Restent le documentaire et maintenant le documentaire sur le documentaire, où le critique portugais Augusto M. Seabra voit un «exercice critique et analytique d’une pertinence rare» devant désormais «figurer dans les programmes, les classes et les cours de formation cinématographiques».

Et au delà du cinéma ? Dans l’entretien qui ouvre «Torre Bela» au début de l’occupation, le duc Dom Miguel livre une observation ouvrant un champ très actuel de réflexion. En français,  il confie à Thomas Harlan (lui-même parfaitement francophone) que la famille avait décidé, quelques années plus tôt, d’abandonner l’agriculture pour la sylviculture, mieux adaptée au sol de cette propriété et surtout, c’est implicite, bien moins gourmande en emplois. Or, c’est le manque d’emplois qui précipite l’occupation des terres et la création d’une éphémère coopérative.

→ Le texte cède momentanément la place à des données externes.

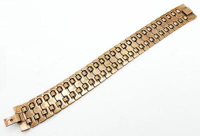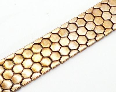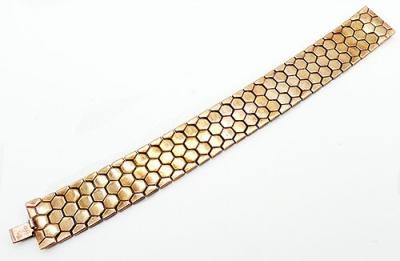 Description: Trifari vintage gold plated tessellated honeycomb link bracelet; the links have an interlocking 6-sided honeycomb design. Hidden push-in clasp. Patented by Alfred Phillipe in 1945, signed 'Trifari' on the back of the clasp. .

Mais surtout, cette mutation préfigure ce qui sera le fourvoiement agricole du Portugal. Le rattrapage économique accéléré par l’entrée dans l’Union fédérative va vider les campagnes et remplir les banlieues, surtout autour de Lisbonne. Au nord et au centre sud du pays, les terres abandonnées sont livrées à l’eucalyptus et au pin, alimentant une industrie de la pâte à papier en pleine expansion. Et chaque été, le feuilleton tragique des feux de forêt. Autosuffisant sous Salazar, qui pratiquait l’autarcie économique adossée à l’empire colonial, le Portugal a basculé très vite ans la dépendance aux importations, même dans des productions traditionnelles comme le riz et l’huile d’olive.

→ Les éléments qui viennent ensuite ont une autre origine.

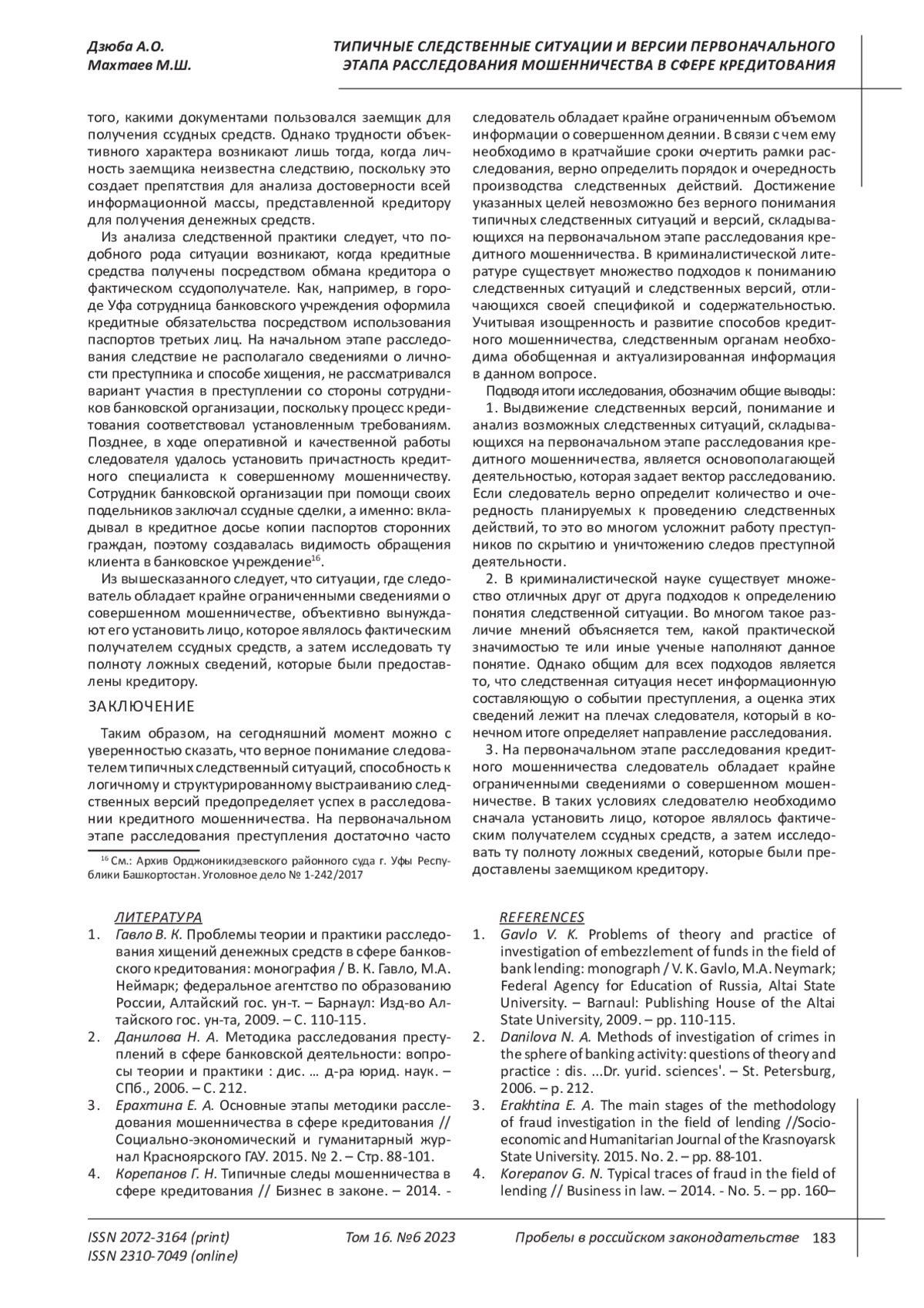 7. Тагиров Р. А. Следственные версии по делам о расследовании мошенничества в сфере кредитования юридических лиц и индивидуальных предпринимателей // Российский следователь. - 2021. - № 9. - С. 27. EDN: XBMMEB

La Politique agricole commune (PAC) de l’UE, dont les subventions sont au Portugal concentrées à l’extrême sur un tout petit nombre d’exploitations (notamment celles dans anciens latifundiaires de l'Alentejo réinstallés après l’abandon de la réforme agraire) pour les aides directes, a aggravé cette dérive. Rappelons que l’entrée dans la crise du Portugal, bien avant les autres pays de la périphérie de la zone euro, trouve son origine avant tout dans ce déséquilibre de la balance des paiements.

Mais la roue tourne. Un mouvement de retour vers l’intérieur désertifié et vers la vie rurale s’amorce, sous la pression de la crise. Investissements à la clef, l’autosuffisance en huile d’olive est en vue, comme pour l’énergie (hors transport) grâce au solaire et à l’éolien. Les exportations sont devenues le principal moteur de l’activité économique et le tourisme est en forte expansion. Le gouvernement de centre-droit, qui gère le pays en fonction d’un mémorandum signé avec la troïka UE-FMI-BCE, voudrait contraindre les propriétaires laissant leurs terres à l’abandon à les céder ou les louer à ceux qui sont prêts à les exploiter. «La terre à ceux qui la travaillent»? Retour à «Torre Bela».

PS: dans une vie antérieure, j'ai été impliqué, à une place très modeste, dans le "PREC" portugais et je conserve un souvenir très fort du mouvement d'occupation des terres à Montemor-o-Novo, sans pouvoir prédire à l'époque que l'Alentejo serait un jour ma terre d'acceuil.